Step-by-step explanation:
To find the tension in the rope holding the 1.0 kg block to the wall, we first need to calculate the force of friction acting on the block due to kinetic friction. The force of kinetic friction (Ffriction) is given by Ffriction = μk * N, where N is the normal force and μk is the coefficient of kinetic friction.
For the 1.0 kg block, the normal force is equal to its weight, N = m * g, so the force of friction can be calculated as Ffriction = μk * m * g. With μk = 0.310, m = 1.0 kg, and g = 9.8 m/s2, the force of friction is Ffriction = 0.310 * 1.0 kg * 9.8 m/s2 = 3.038 N. This frictional force acts to the left, opposing the tension in the rope. Since the block is stationary, the tension must equal the force of friction, so the tension in the rope is 3.038 N.

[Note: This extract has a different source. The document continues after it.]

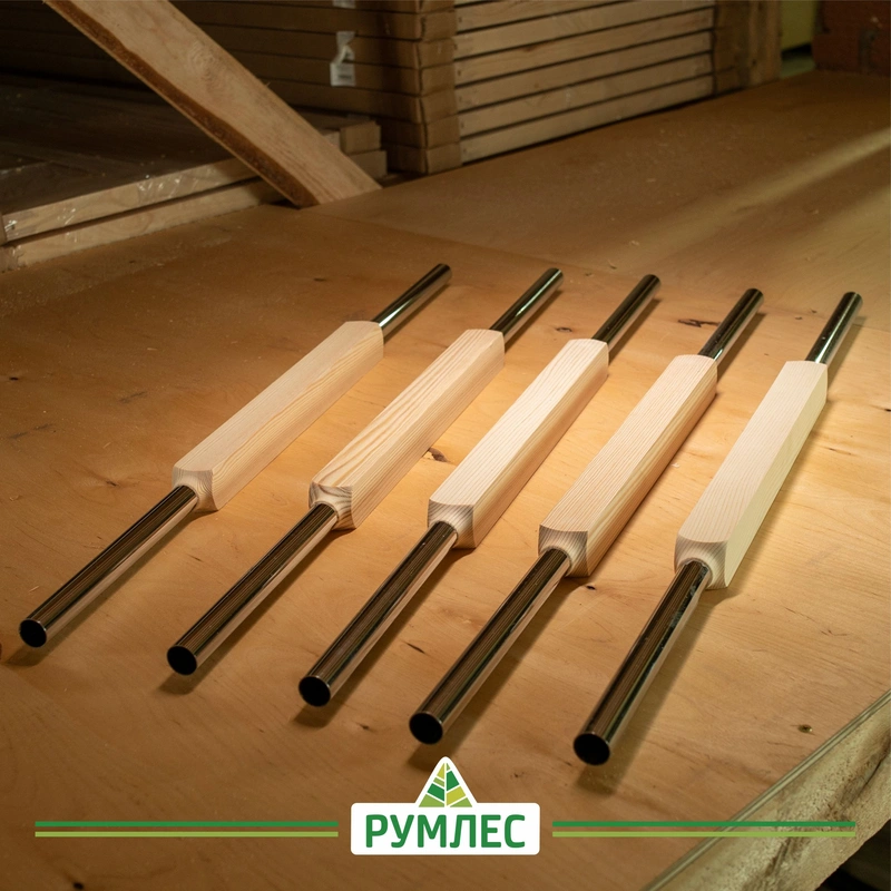 Комбинированная балясина состоит из хромированной трубы Ø 25мм и деревянного элемента из сосны. Снизу балясина крепится с помощью фланца, сверху к поручню — на специальное крепление.

To determine the acceleration of the 2.0 kg block, we use Newton's second law, ΣF = m * a, where ΣF is the sum of forces, m is the mass, and a is the acceleration. The force of kinetic friction on the 2.0 kg block is Ffriction,2 = μk * N2, where N2 is the normal force on the 2.0 kg block. Since the block has both the 1.0 kg block on top of it and its own weight to support, N2 = (m + m1) * g. Therefore, Ffriction,2 = 0.310 * (2.0 kg + 1.0 kg) * 9.8 m/s2 = 9.114 N.
The net force acting on the 2.0 kg block is the applied tension minus the frictional force, which is 20 N - 9.114 N = 10.886 N. We can now solve for acceleration, a = ΣF / m, giving us a = 10.886 N / 2.0 kg = 5.443 m/s2.